During the second season of “The Wire,” which aired on HBO from 2002 to 2008, Williams was abusing drugs on days he wasn’t shooting the show in Baltimore.
“I rolled like that pretty much all year, until I was completely broke,” he wrote. “When Season 2 wrapped, I felt the thud of coming back down to Earth. I could no longer afford the rent on that beautiful Baltimore apartment. Putting all my things in storage, I moved back to New York, to my empty [Flatbush Gardens, Brooklyn] apartment, which had nothing but a mattress on the floor and a milk crate to eat on. When the rent came due again, I had nothing left so I got evicted.

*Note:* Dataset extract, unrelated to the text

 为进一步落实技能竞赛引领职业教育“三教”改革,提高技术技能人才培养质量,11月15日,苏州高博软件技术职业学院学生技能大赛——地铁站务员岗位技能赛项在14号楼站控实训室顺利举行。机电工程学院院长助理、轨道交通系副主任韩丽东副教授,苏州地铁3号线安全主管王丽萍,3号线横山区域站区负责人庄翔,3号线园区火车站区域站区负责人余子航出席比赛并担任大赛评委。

I had nowhere to live and my mother was trying to get me to go to rehab, but I was not having it.”
In the book, out Aug. 23, Williams also recalled his dysfunctional childhood, including an absent father and sexual molestation.
“By the time I entered high school, I already felt like damaged goods,” he wrote. “Injured by my father’s absence, roughed up by my mother’s hard love, and too meek to stand up for myself, I was a ripe target. After two men in positions of authority—one from school and one from church— molested me, I fell into an empty, dark state. It was like a hole I couldn’t dig myself out of.”

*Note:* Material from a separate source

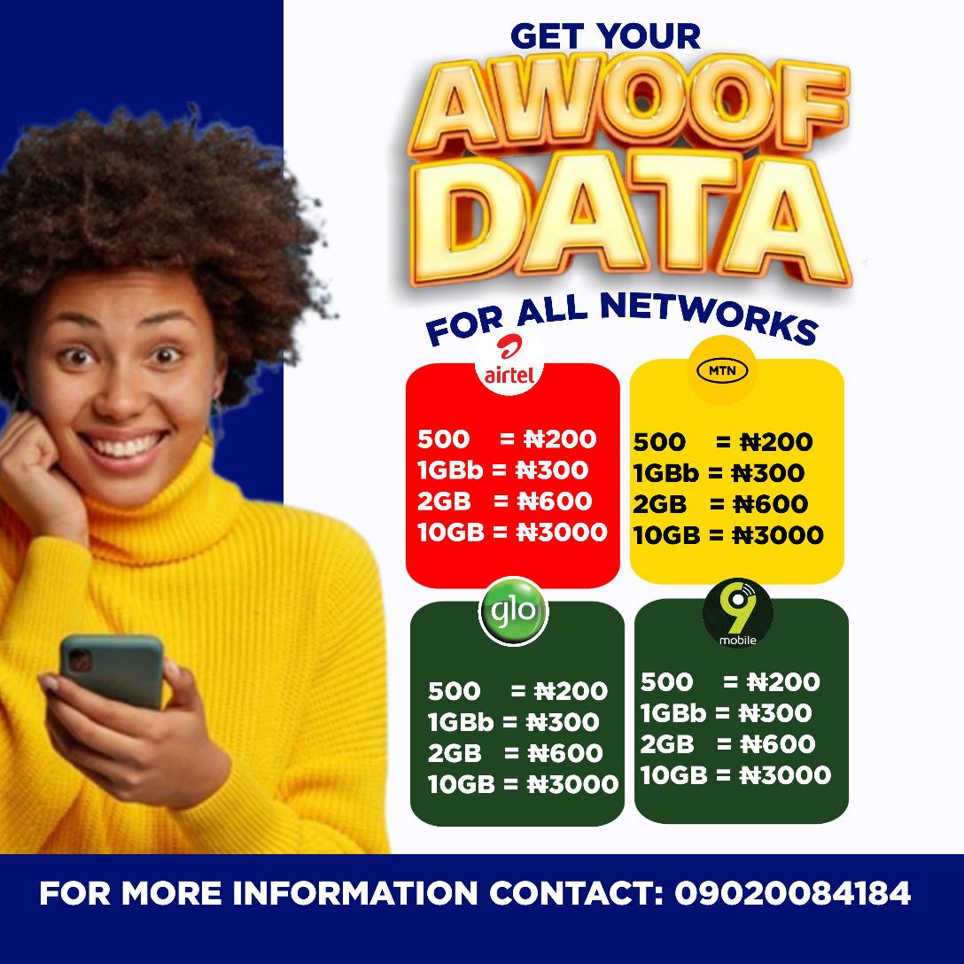 Enjoy instant airtime top-up. Cheap data for all networks.

From there, he eventually turned to drugs to numb the pain.
Williams wrote that “once crack cocaine came into my life, it just moved the f–k in. Everything else took a backseat.

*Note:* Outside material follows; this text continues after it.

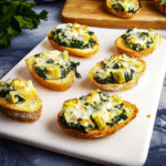 Creamy Baked Spinach Artichoke Crostini is a deliciously rich and satisfying appetizer, turning the beloved spinach artichoke dip into bite-sized delights. Served on toasted baguette slices, this dish offers a warm, cheesy, and tangy topping that’s perfect for entertaining or snacking.

“At first it felt like this salvation like I had filled a hole in me that I didn’t think could be filled. None of that was true — I was really putting Band-Aids on gunshot wounds — but I bought into the lie because I needed to,” Williams wrote. “The lie was so much more comfortable. You feel like the drug is brightening or enhancing your life. But then it becomes your life.”
Five-time Emmy winner Williams — who wrote about being too high to talk to then Presidential hopeful Barak Obama during a 2008 campaign stop — also confessed that he was never a recreational drug user.
“I am an addict, and an addict is always teetering on that edge, one small step away from falling back in…. Every addict, every alcoholic has a self-loathing; we bathe ourselves in that. It’s the way for the addiction to keep us on the ropes, keep us connected to the darkness.”